By James Langton
(June 27 – 13:00 ET) – The June FOMC meeting opened this morning without incident, and without any early hints on a rate decision. Traders remain convinced that rates will not move.
In the meantime stocks are sliding in Toronto as some of yesterday’s gains are surrendered. The TSE 300 has dropped 48 points at midday to 10,179. Volume is still on the low side, but it has picked up since yesterday to 77.3 million shares. Volume is about 14:9 in favour of buyers, with decliners edging advancers.
Tech stocks are suffering a little profit-taking this morning, pushing stocks down. The industrials are off about 1.25%, oil and gas service stocks and insurers are sliding, too, although most of the losses are moderate. Golds are down, as well, despite consolidation talk.

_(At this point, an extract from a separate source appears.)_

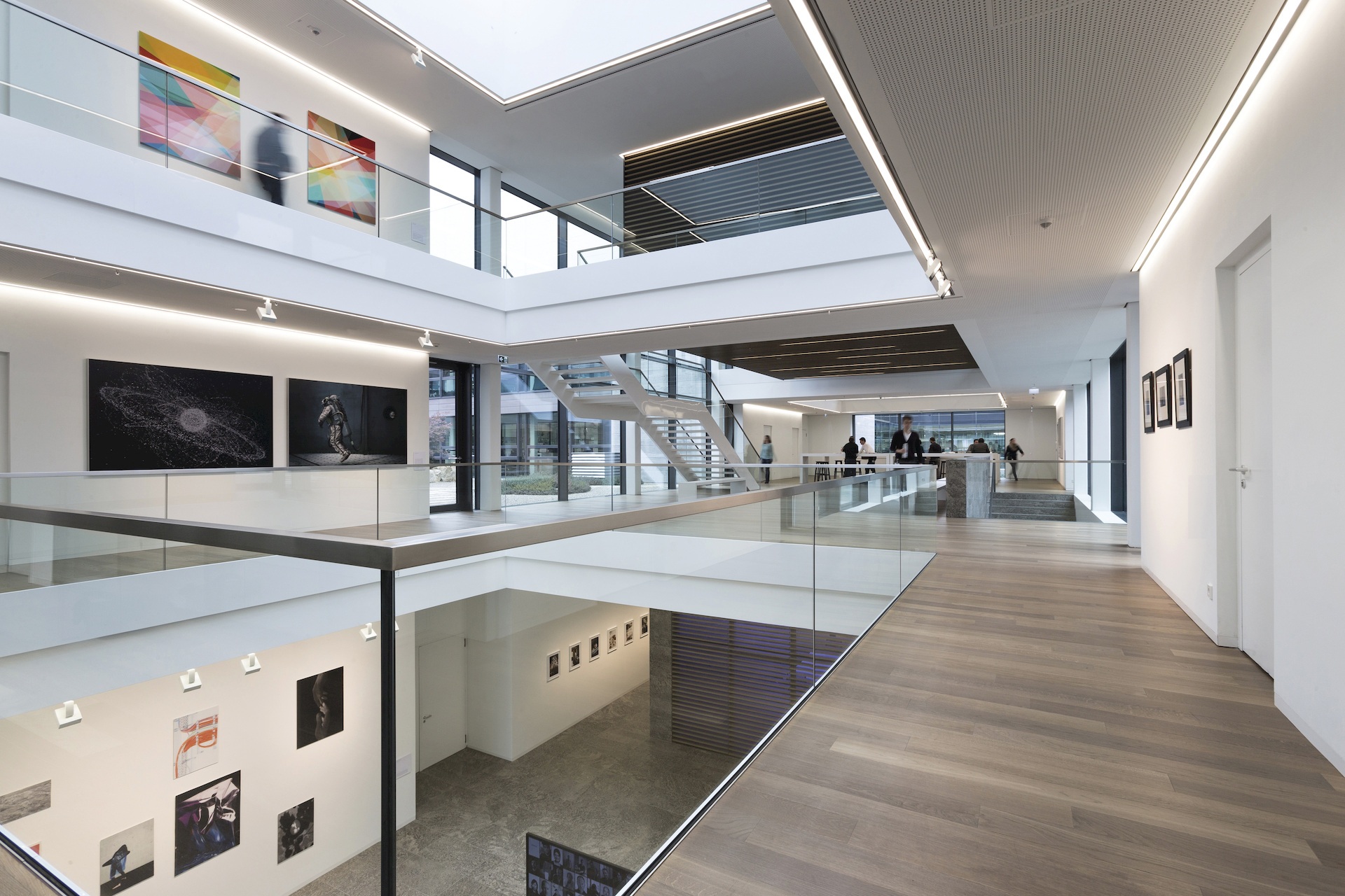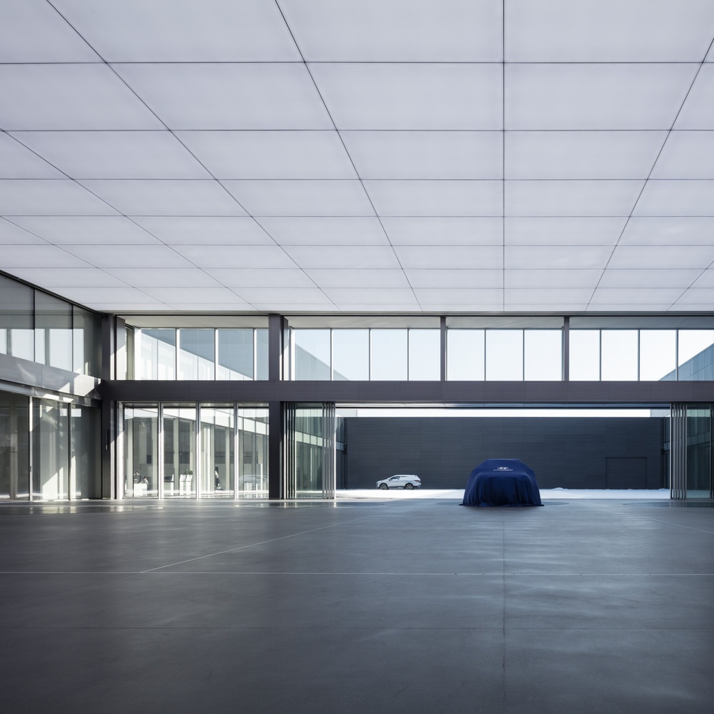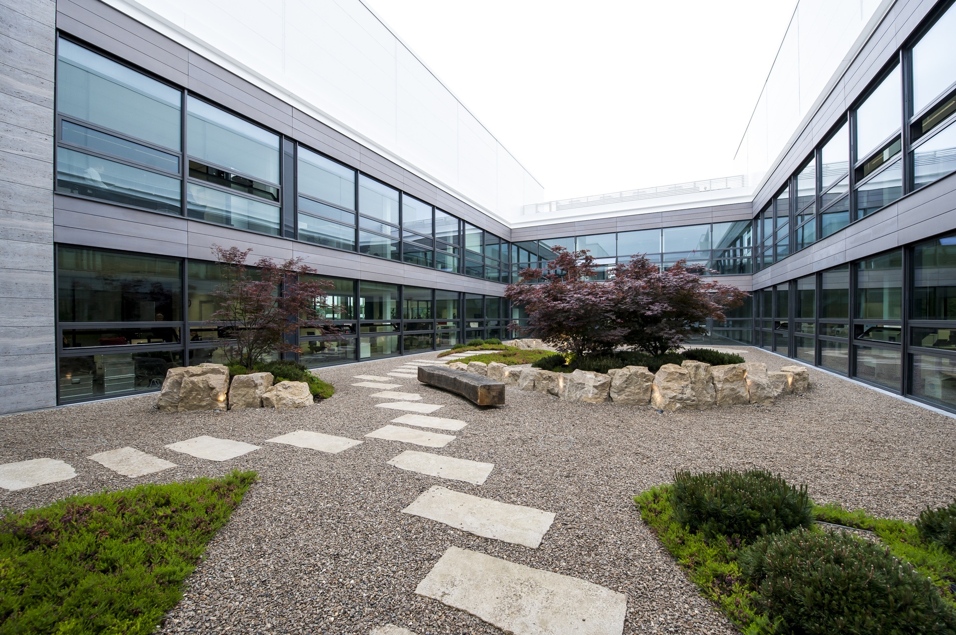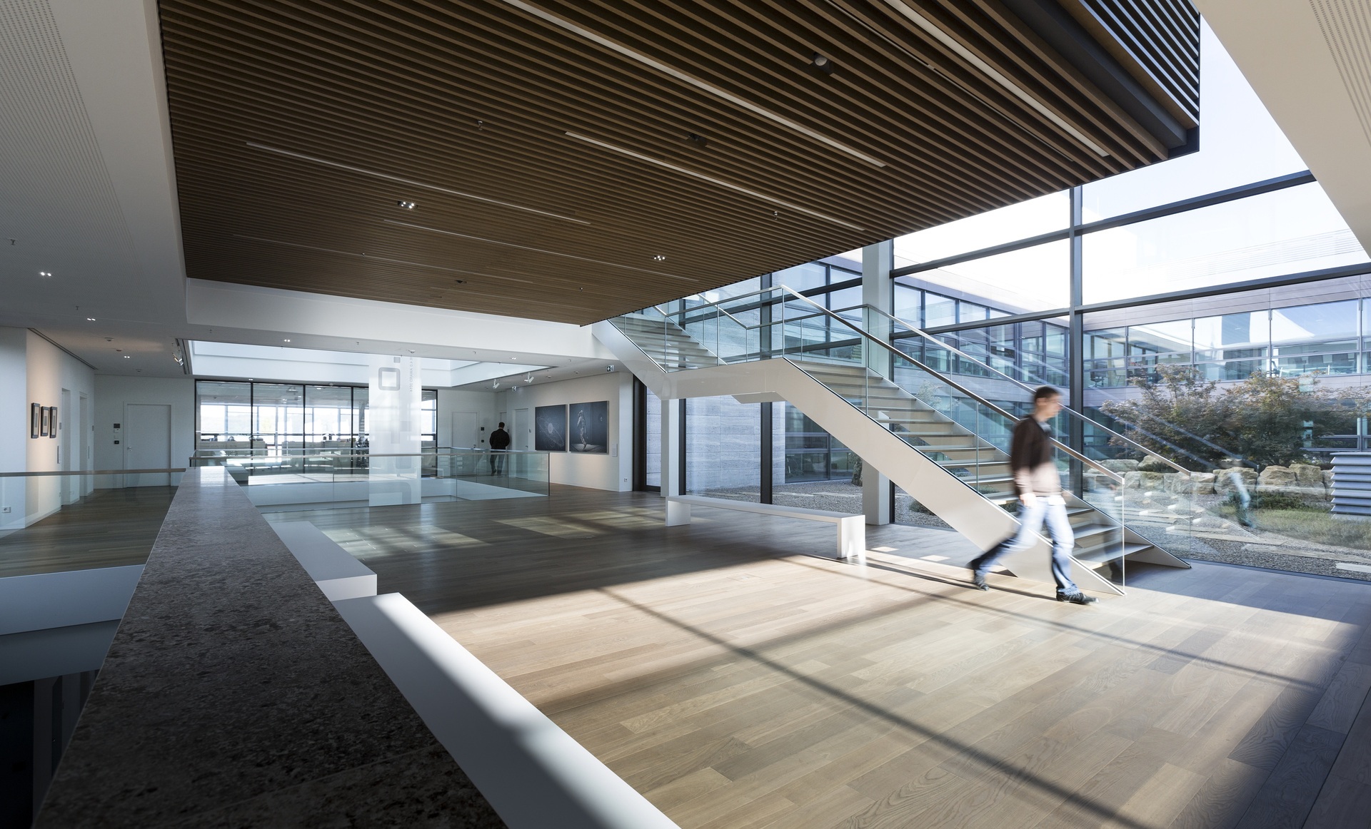 Situated on a slope, the Innovation Factory features a west-facing entrance area that runs past two parallel development and testing areas to access the core of the building. This is where the lobby interlinks all three floors and functions as the building’s vibrant centerpiece. Serving as a marketplace, it fosters interaction between people from management, administration, production, research, and customers closely involved in the development process. Works of art on the walls reinforce the gallery-like atmosphere and the cultural aspect of the marketplace. Located on the building’s central axis, the lobby connects the various work areas and provides a view of the inner courtyards, which are designed as Japanese gardens with boulders from the excavation to invite employees and visitors to unwind and relax. A distinctive feature of the new building is its transparent design, which enables employees and customers to view all production processes through glass walls while ensuring abundant daylighting of all workplaces.

Most other groups are up, although the gains are generally small. Only mines are showing any credible strength, up 2%. The sin stocks, brewers and tobacco are up notably. Brewers are gaining on the news that Molson will sell the Montreal Canadiens.
Fund companies are up, too.
Corel is one of the big gainers on the day, up 28% in huge trading on news of an alliance with Hewlett-Packard. Skeptical analyts have been downplaying the news, but eager retail traders seem to love it.
Weakness in Nortel Networks is naturally slugging tech stocks, it is off 2%. Slides in JDS Uniphase, Certicom, and Angiotech seem to be little more than sympathetic. Research in Motion is off 13% with some analysts lowering their growth estimates for the firm.
In other news, high profile president Rick Segal is bailing out on floundering Chapters Online, he has quit to pursue a new “opportunity”. The stock is down 35¢ to $4.15 on the news.
In New York the action is mixed, with technology down and old economy stocks posting some gains, although Fed watching has replaced trading for many players. The Dow Jones industrial average is up 37 points to 10,580. The NASDAQ composite has dropped 13 points to 3,899. The S&P 500 is up two points to 1,457.
The big news in the U.S., apart from the Fed fetish, is that the U.S. Justice Department has filed suit to stop the US$147 billion merger of WorldCom Inc. and Sprint Corp., as expected. The deal will likely sink as a result.
In other merger news, another Internet deal today sees Media Metrix Inc. buying research rival Jupiter Communications Inc. for about US$413 million in stock.
The small caps continue to slide today. The CDNX is down seven points to 3,451 on average volume of 20.3 million shares. Mines and techs are both weak, while oil plays are flat to positive. Conac Software Corp. is a leading trader, up 11% to 58¢ on volume of 1.2 million shares.